In March 2020, kids went home from school on Friday and didn’t come back for months. Some didn’t walk through the school doors in person until August 2021.
Instead, they found new ways to work that weren’t at a desk next to 25 other students. They used Google Classroom or Zoom or Teams. They did projects online and worked in breakout groups with other kids who just happened to be five miles away from each other.
For some kids, it worked. For others, it didn’t.
The hardest part to navigate might have been less about going to math class on the couch than it was about not knowing if today would be in person or if a late-night text message would let Mom know that positive Covid-19 cases turned up in that math class and now everyone would be home for a week again.
COVID-19 is still around, but kids are back in school. Mostly. Some schools in Pennsylvania are now taking steps to go remote again because of staffing shortages.
Woodland Hills School District is going to remote learning for the rest of January because of rising numbers attributed to the omicron variant and transmission among students and employees. A notice on the district website cited “the ability for the district to provide necessary transportation for scholars, the ability to have appropriate staff coverage in our buildings, and the well-being of our scholars, staff and families.”

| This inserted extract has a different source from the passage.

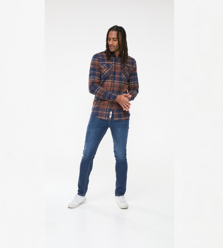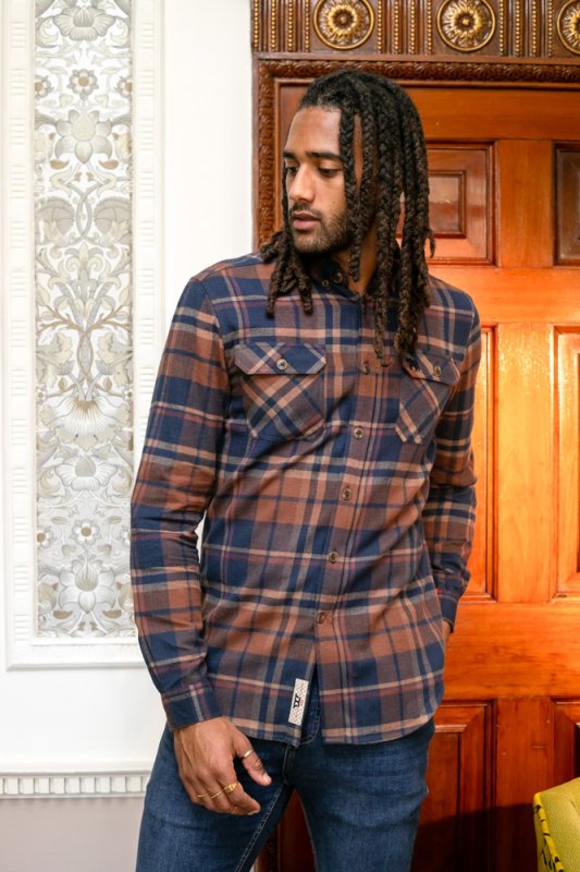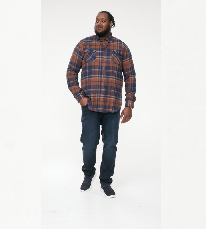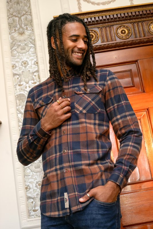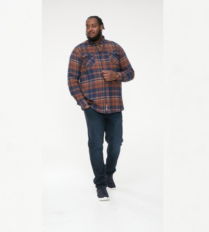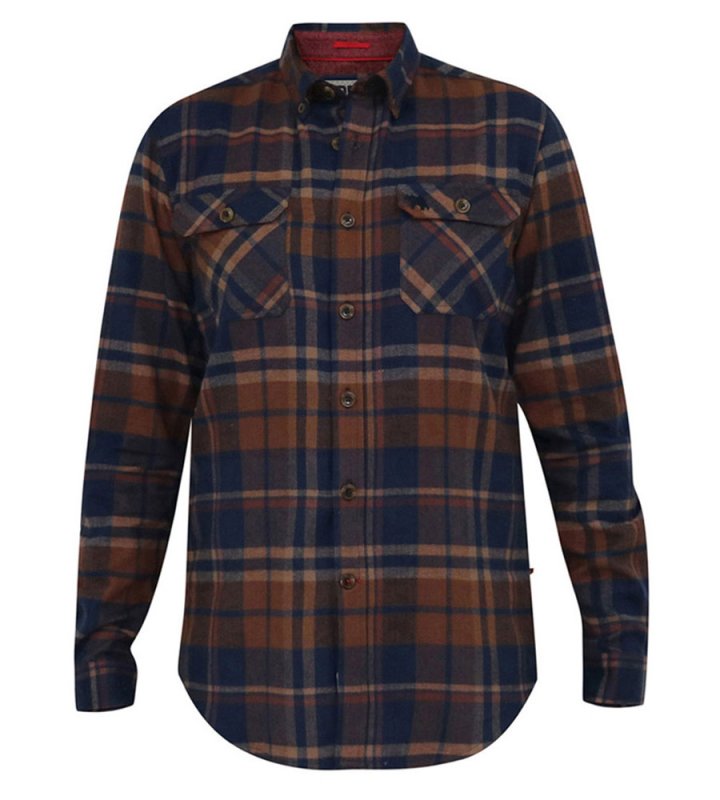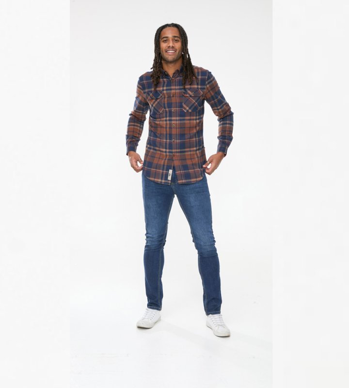The SHERLOCK - D555 Long Sleeve Check Overshirt is a robust and stylish layer that combines functionality and casual looks. Made with 100% pure cotton, this overshirt features a classic navy and tan check pattern and Its two front patch pockets with flaps and a button-down collar offer practicality to style, making it a versatile addition to any outfit.

At other school districts, extreme shortages of drivers might cause a similar shift to remote learning. The problem? Drivers are calling in sick, primarily because of COVID.
In the Kiski Area School District, the decision to go remote hasn’t been made, but officials said it’s one of the options on the table.
”We’re doing everything we can to avoid that,” an administrator said, also pointing to the successful use of remote learning in the past.
Staffing problems are everywhere and not just among regular employees.
”If we see large numbers of staff out, it will be very difficult to have the schools open. Substitutes are few and far between,” said Derry Area Superintendent Eric Curry.
If schools are forced to go to remote learning, it will be up to parents and the community to make the transition work. In 2020 and 2021, there were protests when the state forced closings. Let the districts decide, people said.
This is the schools reacting to what is happening inside their walls.